In this task, participants will create computational models that map native orthography lemmas ("graphemes") to valid IPA transcriptions of phonemic pronunciation. This task is crucial for speech processing, namely text-to-speech synthesis.

Please sign up for the mailing list here by clicking the button labeled "Ask to join group".

Results

Final results will be reported here by August 15, 2024. System papers and a summary of the task will appear in the SIGMORPHON 2024 proceedings.

Data

Source

The data is scraped from Wiktionary using WikiPron (Lee et al. 2020). Data is augmented with IPA transcriptions produced by GPT. All data is validated by organizers.

Format

Training and development data found in the data/tsv folder, separated by orthographic system. For each orthographic system, we include subdirectories for individual language sets and a subdirectory for the concatenation of languages. Datasets are UTF-8-encoded tab-separated values files. Each example occupies a single line and consists of a grapheme sequence—a sequence of NFC Unicode codepoints—a tab character, and the corresponding phone sequence, a roughly-phonemic IPA, tokenized using the segments library.

Subtasks

There are three subtasks, which will be scored separately. Participant teams may submit as many systems as they want to as many subtasks as they want.
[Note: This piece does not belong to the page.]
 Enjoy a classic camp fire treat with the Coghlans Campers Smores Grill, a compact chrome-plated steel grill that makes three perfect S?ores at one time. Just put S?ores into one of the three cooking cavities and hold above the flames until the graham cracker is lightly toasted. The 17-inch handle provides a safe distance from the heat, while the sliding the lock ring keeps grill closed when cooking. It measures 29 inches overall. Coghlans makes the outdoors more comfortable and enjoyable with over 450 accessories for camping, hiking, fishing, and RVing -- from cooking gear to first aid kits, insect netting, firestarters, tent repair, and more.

In all three subtasks, the data is randomly split into training (80%), development (10%), and testing (10%) data.

Subtask 1: Multilingual G2P (Shared Orthography):

Participants will be provided three multilingual training sets. Each dataset will be composed of languages utilizing the same orthography (Roman, Cyrillic, Arabic). For evaluation, each training set will be paired with a test set, with each test set composed of samples from the training languages along with an additional unseen language but utilizing of the same orthography. Models in this track will be tasked to evaluate per training-test dataset pairing (i.e. models are trained on one orthography at a time).

Subtask 2: Multilingual G2P (Restricted Orthography):

Participants will be provided three multilingual training sets using the same script constraints as seen in Task 1. Provided these datasets, participants will be allowed to train over the concatenation of all data (or subset of) for single evaluation on the concatenation of all test datasets in Task 1. That is, the subtask will evaluate model ability to utilize mixed-orthography scripts for downstream evaluation.
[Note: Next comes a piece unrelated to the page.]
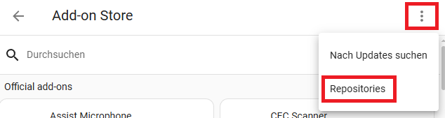 Oben rechts auf das Drei-Punkte-Menü klicken und "Repositories" auswählen: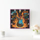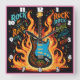 Eine lebendige Gitarre mit farbenprächtigen Flammen, umgeben von energischen Schriften, die das Wesen von Rock und Roll feiern.

Subtask 3: Multilingual G2P (Unknown Orthography):

This task will function similarly to Task 2 but all unseen languages in the test set will be replaced with languages with orthographies distinct from all other scripts present in the preceding two tasks. For fairness, script systems will be chosen such that they are functionally similar to the training scripts (e.g. the unseen Arabic languages will be replaced with other Abjad).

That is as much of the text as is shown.